In November 2005, the Company closed on its initial public offering of 4,000 shares of its common stock at $6.00 per share and in December 2005 the Company closed on the underwriter’s overallotment option of 600 shares of the Company’s common stock at $6.00 per share, resulting in net proceeds to the Company of $24,633.
The accompanying financial statements have been prepared on a basis which assumes that the Company will continue as a going concern and which contemplates the realization of assets and the satisfaction of liabilities and commitments in the normal course of business. The Company has a limited operating history and has incurred losses and negative cash flows from operations since inception. The Company expects to incur additional losses and will require additional funding to continue its operations. These circumstances raise substantial doubt about the Company’s ability to continue as a going concern. Management intends to seek additional equity financing during 2006. However, there can be no assurance that such additional funding will be available on terms acceptable to the Company or at all.

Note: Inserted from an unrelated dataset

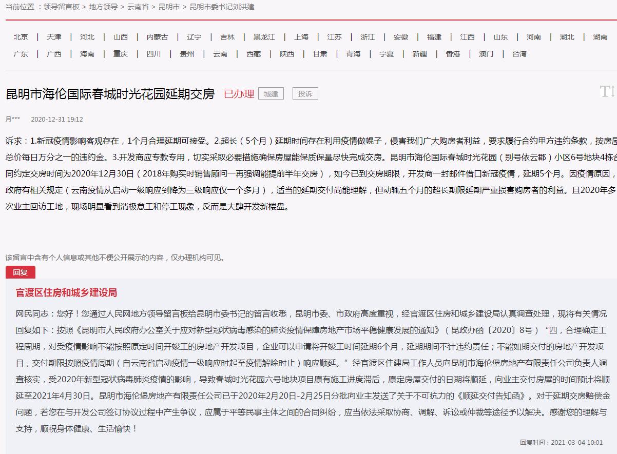 海伦堡在云南地区项目延期交付貌似成为了习惯,云南的城市留言板也有消费者多次投诉海伦堡项目延期交付问题。之前有消费者也反映昆明市海伦国际春城时光花园延期交房。海伦堡在昆明的合作项目五华区三千时光四期别名的璀璨星城,消费者在城市留言板也反映项目停工,交付有可能延期交付。在昆明的城市留言板也有消费者反映他们之前的海伦堡中央广场(A4地块)2幢房屋也存在超期交付情况,并对超期时间有疑问涉及超期交付赔偿问题。

2. Summary of Significant Accounting Policies
Use of Estimates
The preparation of financial statements in conformity with accounting principles generally accepted in the United States of America requires management to make estimates and assumptions that affect the reported amounts of assets and liabilities and the disclosure of contingent assets and liabilities at the date of the financial statements and the reported amounts of revenues and expenses during the reporting period. Actual results could differ from those estimates.
Cash and Cash Equivalents
The Company considers all highly liquid investments with an original maturity of three months or less at the date of purchase to be cash equivalents.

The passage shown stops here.